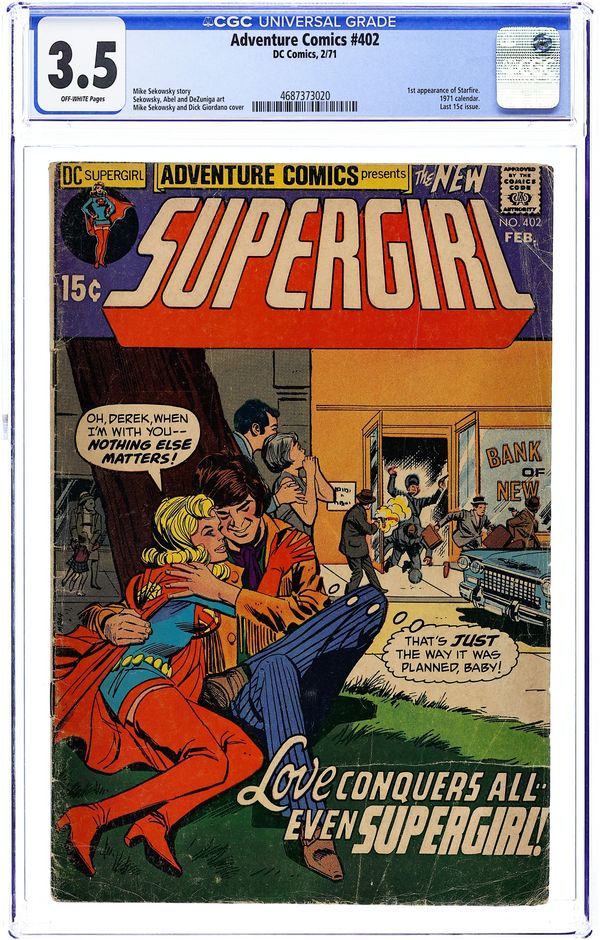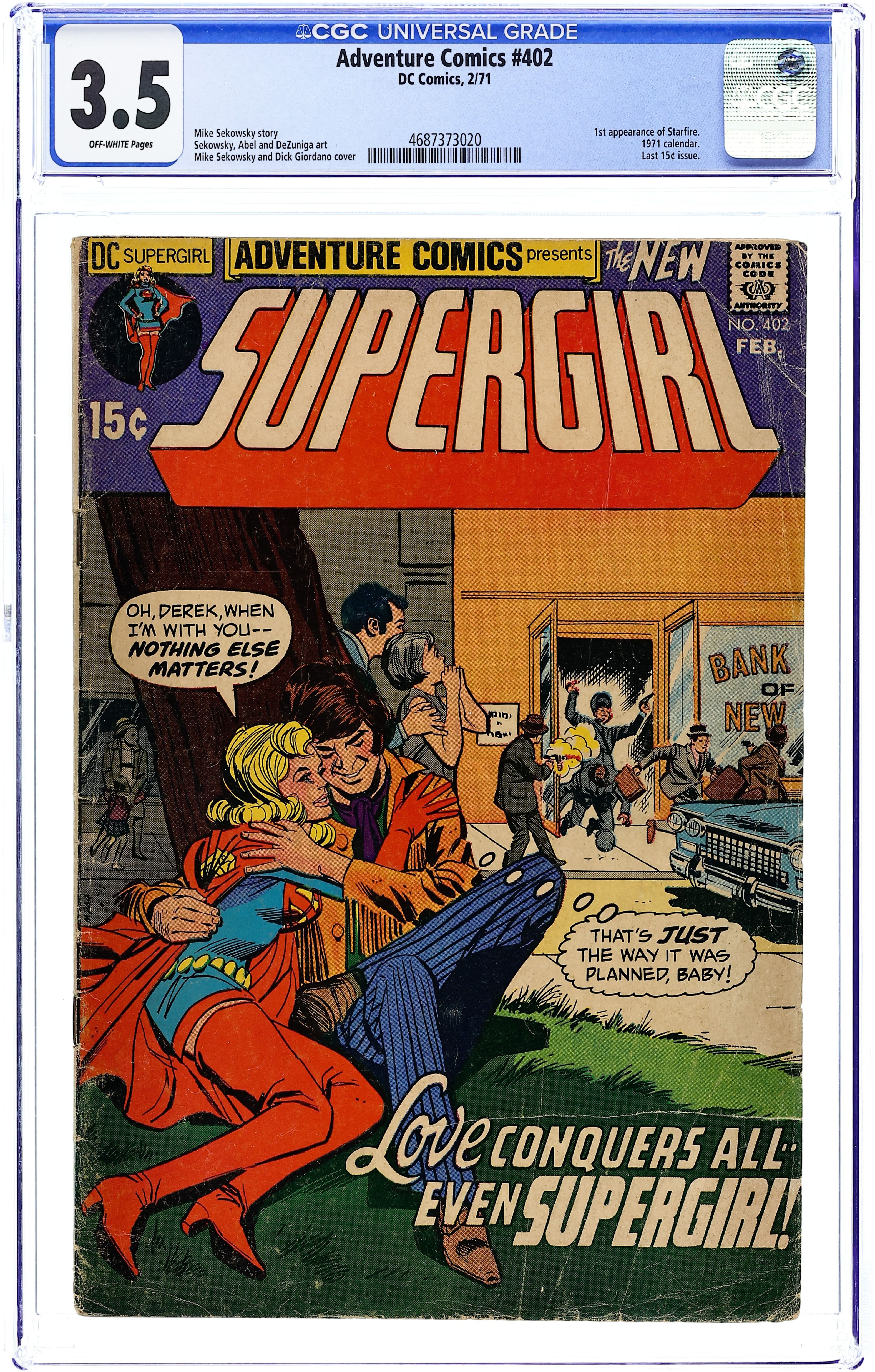 Cover pencils by Mike Sekowsky, inks by Dick Giordano. Starfire's Revenge! starring Supergirl, Starfire, Rodney Ames, Derek Ames, and Professor Kangle, script and pencils by Mike Sekowsky, inks by Dick Giordano; Supergirl battles Starfire. A letter to the editor from Bob Rozakis. 36 Pages, Full Color. Cover price $0.15.
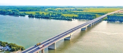 由中國企業(yè)承建的塞爾維亞貝爾格萊德澤蒙—博爾察大橋(普平大橋)。李 杰攝
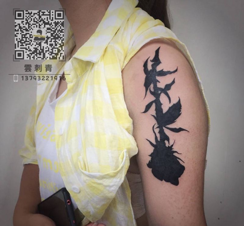 当前位置: 首页 >山东省青岛市纹身店-花田刺青纹身图案>黑玫瑰遮盖纹身图片_手臂肩部几何遮盖玫瑰雲刺青纹身图案
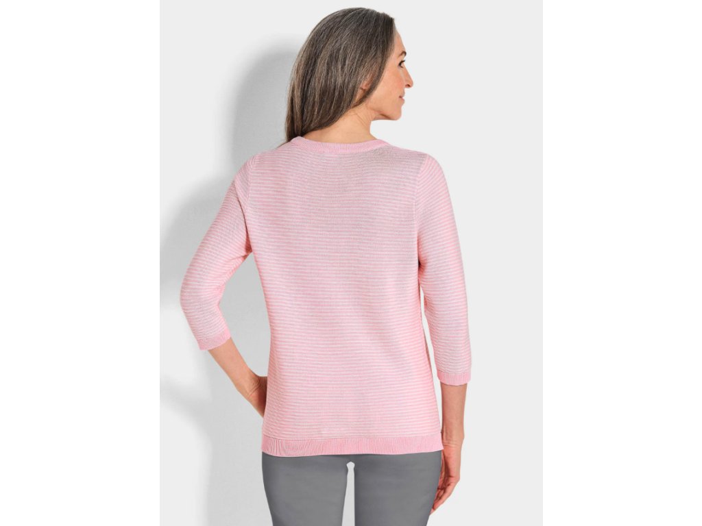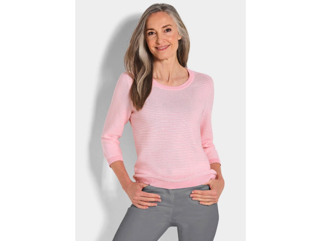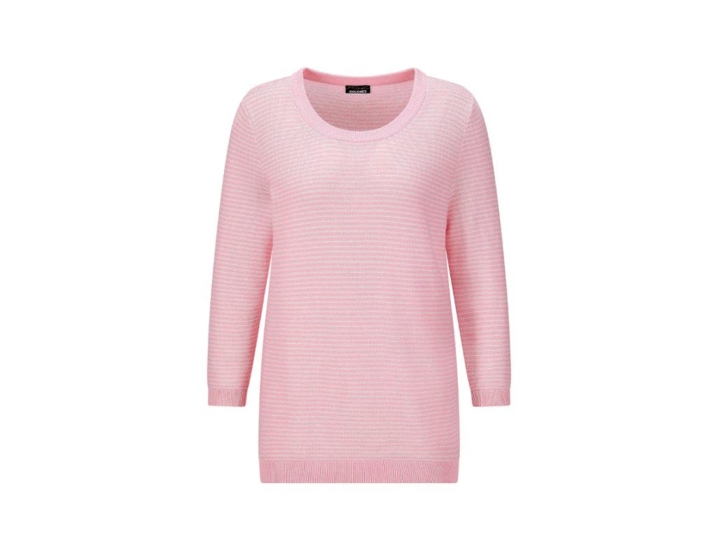 Svetr značky Goldner je vyroben z jemného úpletu z čisté bavlny, která zajišťuje pohodlí a prodyšnost při kontaktu s pokožkou. Dvoubarevný pruhovaný vzor s levým očkem pleteniny vytváří zajímavý prostorový efekt. Rovný střih v kombinaci s tříčtvrtečními rukávy poskytuje volnost pohybu a je vhodný pro běžné denní nošení. Kulatý výstřih je zakončen žebrovaným lemem a rukávy i spodní okraj svetru jsou ukončeny úzkými manžetami.

===

Exercise requirements: Omitting the images, copy the listing exactly.

Exercise answer:
 Cover pencils by Mike Sekowsky, inks by Dick Giordano. Starfire's Revenge! starring Supergirl, Starfire, Rodney Ames, Derek Ames, and Professor Kangle, script and pencils by Mike Sekowsky, inks by Dick Giordano; Supergirl battles Starfire. A letter to the editor from Bob Rozakis. 36 Pages, Full Color. Cover price $0.15.
 由中國企業(yè)承建的塞爾維亞貝爾格萊德澤蒙—博爾察大橋(普平大橋)。李 杰攝
 当前位置: 首页 >山东省青岛市纹身店-花田刺青纹身图案>黑玫瑰遮盖纹身图片_手臂肩部几何遮盖玫瑰雲刺青纹身图案
 Svetr značky Goldner je vyroben z jemného úpletu z čisté bavlny, která zajišťuje pohodlí a prodyšnost při kontaktu s pokožkou. Dvoubarevný pruhovaný vzor s levým očkem pleteniny vytváří zajímavý prostorový efekt. Rovný střih v kombinaci s tříčtvrtečními rukávy poskytuje volnost pohybu a je vhodný pro běžné denní nošení. Kulatý výstřih je zakončen žebrovaným lemem a rukávy i spodní okraj svetru jsou ukončeny úzkými manžetami.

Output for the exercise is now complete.